### Exercise requirements
What is needed is an exact transcription of the line containing "Maharishi Ayurveda Dizomap Tablet Maharishi" and every line after it through the end of the entries below, with no pictures.

Collected data entries:
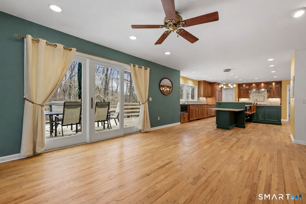 Nestled on 2.02 private acres in Wilton, this spacious 4-bedroom, 4-bath home offers a thoughtful layout designed for both everyday living and entertaining. The great room with vaulted ceiling and fireplace creates an impressive central gathering space filled with natural light, while the formal dining room with French doors and built-ins adds classic detail. The large open kitchen features a walk-in pantry, breakfast bar, and pastry counter, and opens directly to a family room with fireplace, creating a warm and inviting space for casual living. From the family room, step out to a large deck overlooking peaceful woodlands, ideal for outdoor dining and relaxing in a private natural setting. The first-floor primary suite provides convenience and privacy. The second level includes a den with extra-height ceilings and built-ins, along with three additional bedrooms and a hall bath. Additional highlights include hardwood flooring, a walk-out finished lower level offering flexible living space for recreation, gym, or media room, an office, and an attached three-car garage. Set on over two acres, this property offers space, privacy, and a desirable Wilton lifestyle.
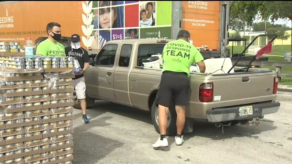 On Monday, the Heat, State Farm and Florida Blue helped Feeding South Florida distribute food, hand sanitizer and wet wipes in Northwest Miami-Dade.
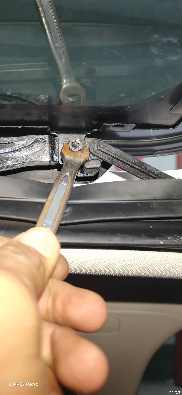 后边两个螺丝都松开,操作时注意别把玻璃敲碎了,毕竟螺丝在天窗的一角,也是玻璃的受力点,谨慎为好。
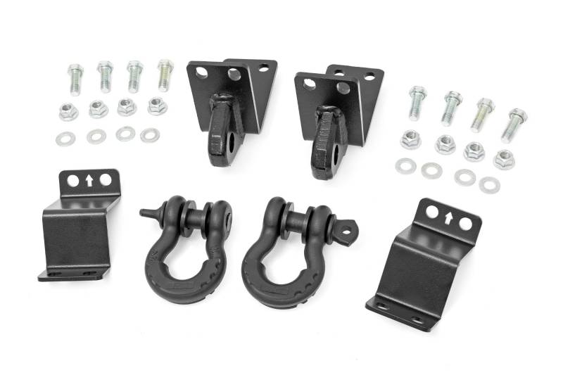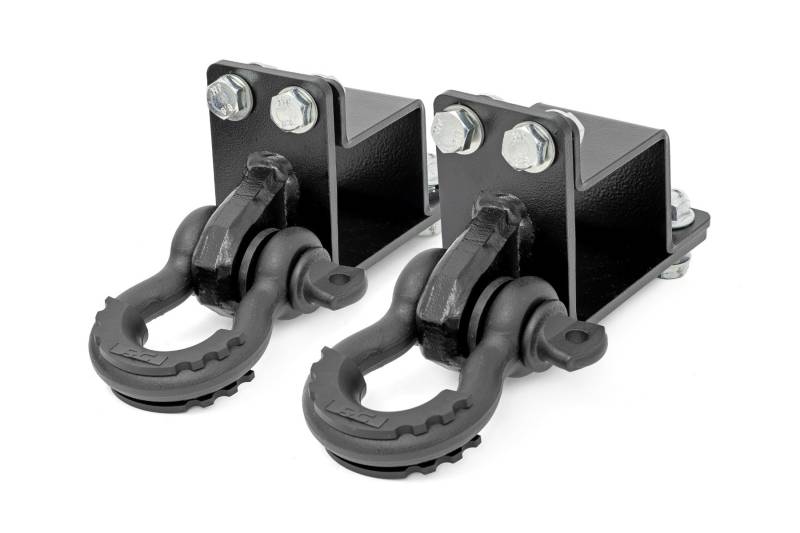 Equip your fourth-generation Tacoma with Rough Country's Rear D-ring Shackle Kit! This isn't your average add-on—it's a game-changer for your truck's off-road capabilities.\ Easy Access Rear Recovery Points: When you're deep in the mud or tackling rough terrain, you need quick and easy access to your recovery points. Our D-ring shackle mounts are designed for just that – no fuss, no hassle recovery.\ Eye-catching Black Finish: Who says functionality can't look good? Our kit adds a touch of style to the rear of your Tacoma with its sleek gloss black finish. Not only does it turn heads, but it also ensures durability to withstand the toughest trails.\ Simple Bolt-On Installation: No complicated modifications here! Rough Country's Shackle Mounts bolt around the frame with ease, providing a sturdy and reliable recovery point for any sticky situation you encounter.\ From navigating rough terrain to handling unexpected obstacles, our Rear D-Ring Shackle Kit is built to tackle whatever the trail throws your way. Don't settle for anything less – equip your Tacoma with Rough Country’s Rear D-Ring Shackle Kit today!
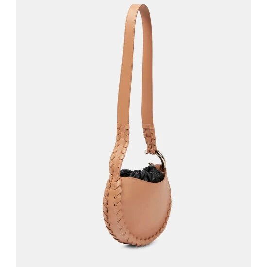 With its elegantly curved silhouette and unique whip-stitched seams, the Mate Small shoulder bag from Chloé is sure to become the brand’s latest “It” bag. It’s crafted from smooth calfskin leather with a drawstring pouch and golden C hardware on the strap.
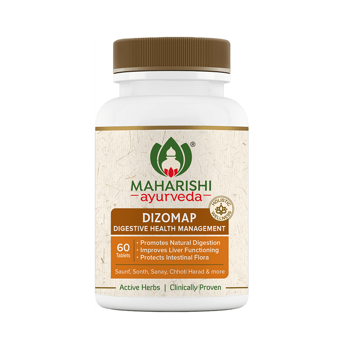 Maharishi Ayurveda Dizomap Tablet Maharishi Ayurveda Dizomap Tablets are made from a synergistic combination of potent herbs such as saunf, saunth, harad, sendha namak, kapardak and bhasmthat that work at a fundamental level to improve digestion. It is an Ayurvedic remedy for chronic constipation. Dizomap balances the Samana and Apana Vata along with Pachaka Pitta and helps restore the digestive fire.
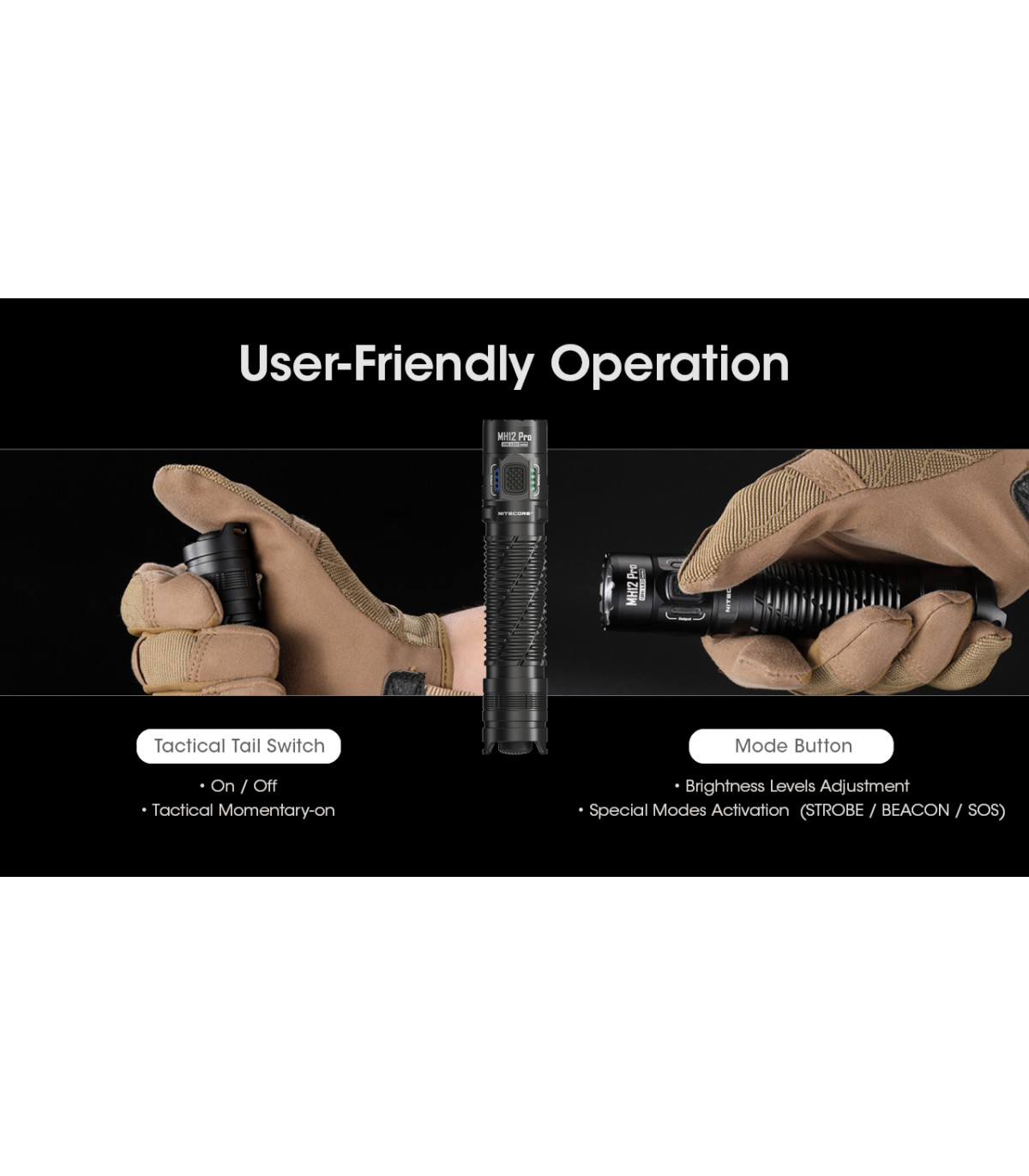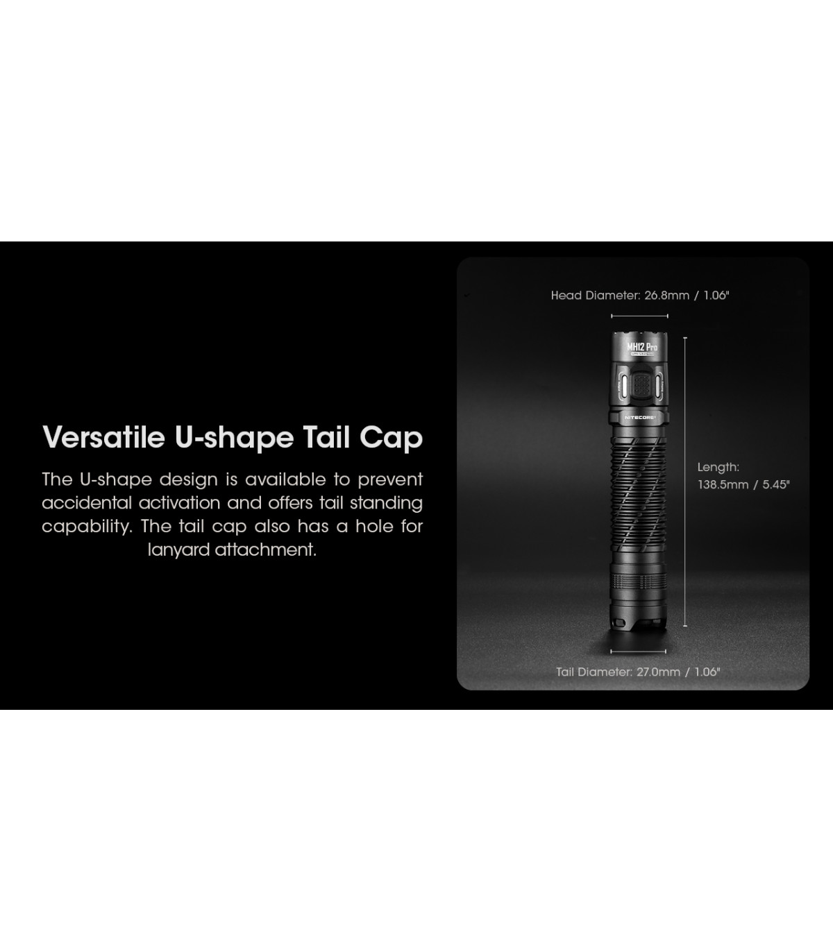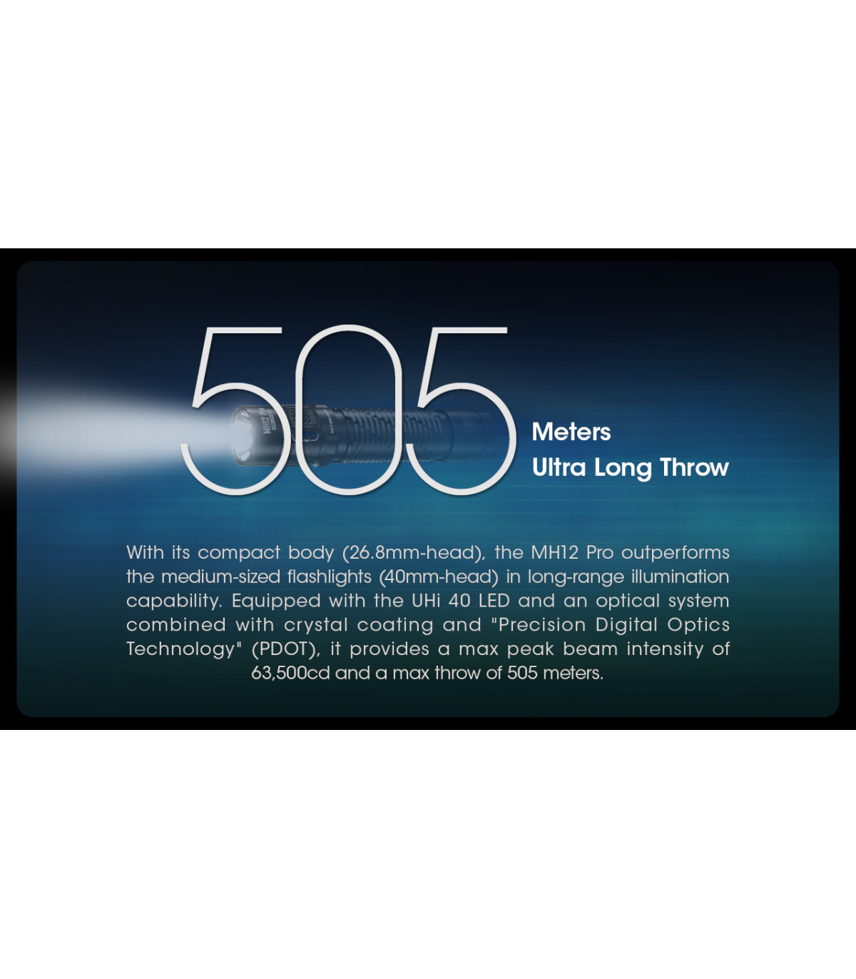 Με το συμπαγές σώμα του (26,8mm-κεφαλή), ο MH12 pro ξεπερνά τους φακούς μεσαίου μεγέθους (με κεφαλή 40mm) σε ικανότητα φωτισμού

### Solution for this exercise
 Maharishi Ayurveda Dizomap Tablet Maharishi Ayurveda Dizomap Tablets are made from a synergistic combination of potent herbs such as saunf, saunth, harad, sendha namak, kapardak and bhasmthat that work at a fundamental level to improve digestion. It is an Ayurvedic remedy for chronic constipation. Dizomap balances the Samana and Apana Vata along with Pachaka Pitta and helps restore the digestive fire.
 Με το συμπαγές σώμα του (26,8mm-κεφαλή), ο MH12 pro ξεπερνά τους φακούς μεσαίου μεγέθους (με κεφαλή 40mm) σε ικανότητα φωτισμού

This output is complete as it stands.